**What the task asks:** Could you retype the entries below exactly, omitting every picture?

**Records provided:**
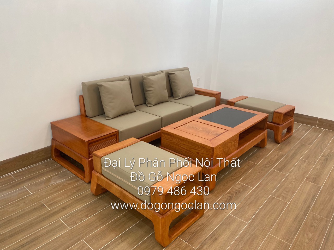 Bộ Bàn Ghế Sofa Gỗ Sồi Nga Màu Óc Chó - Bàn Bom Tay Trứng Hiện Đại 2mx1m8
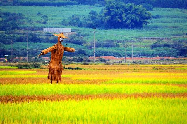 风儿吹过,泛起阵阵稻浪,还有若干趣怪的“稻草人”跳舞游戏其间,一切都美妙得令人心醉,仿佛听见一群精灵在快乐地呻吟。
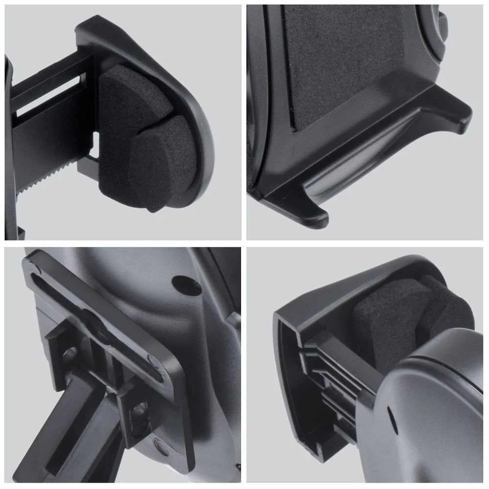 Der Klemmmechanismus mit Druckknopf ermöglicht Ihnen, Ihr Telefon schnell und sicher in der Halterung zu platzieren. Der Armabstand von 38–107 mm passt für die meisten Smartphones und Navigationsgeräte, und die Bodenstützen verhindern ein versehentliches Herausnehmen des Geräts. Weicher Schaumstoff schützt das Telefon vor Kratzern, und starke Klemmen sorgen für Stabilität auch bei Stößen.
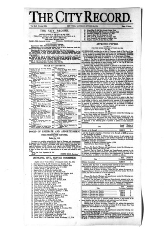 The City Record newspaper publishes notices which includes but is not limited to: public hearings and meetings, public auctions and sales, solicitations and awards and official rules proposed and adopted by city agencies. This is the City Record Newspaper for October 24, 1914.
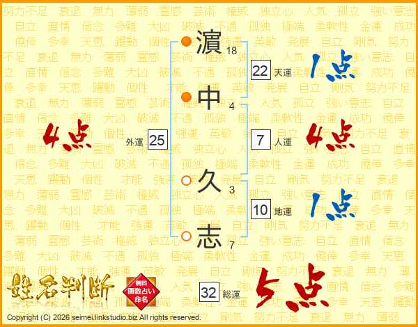 濵中久志さんの天運は22画の1点!

**Result:**
 Bộ Bàn Ghế Sofa Gỗ Sồi Nga Màu Óc Chó - Bàn Bom Tay Trứng Hiện Đại 2mx1m8
 风儿吹过,泛起阵阵稻浪,还有若干趣怪的“稻草人”跳舞游戏其间,一切都美妙得令人心醉,仿佛听见一群精灵在快乐地呻吟。
 Der Klemmmechanismus mit Druckknopf ermöglicht Ihnen, Ihr Telefon schnell und sicher in der Halterung zu platzieren. Der Armabstand von 38–107 mm passt für die meisten Smartphones und Navigationsgeräte, und die Bodenstützen verhindern ein versehentliches Herausnehmen des Geräts. Weicher Schaumstoff schützt das Telefon vor Kratzern, und starke Klemmen sorgen für Stabilität auch bei Stößen.
 The City Record newspaper publishes notices which includes but is not limited to: public hearings and meetings, public auctions and sales, solicitations and awards and official rules proposed and adopted by city agencies. This is the City Record Newspaper for October 24, 1914.
 濵中久志さんの天運は22画の1点!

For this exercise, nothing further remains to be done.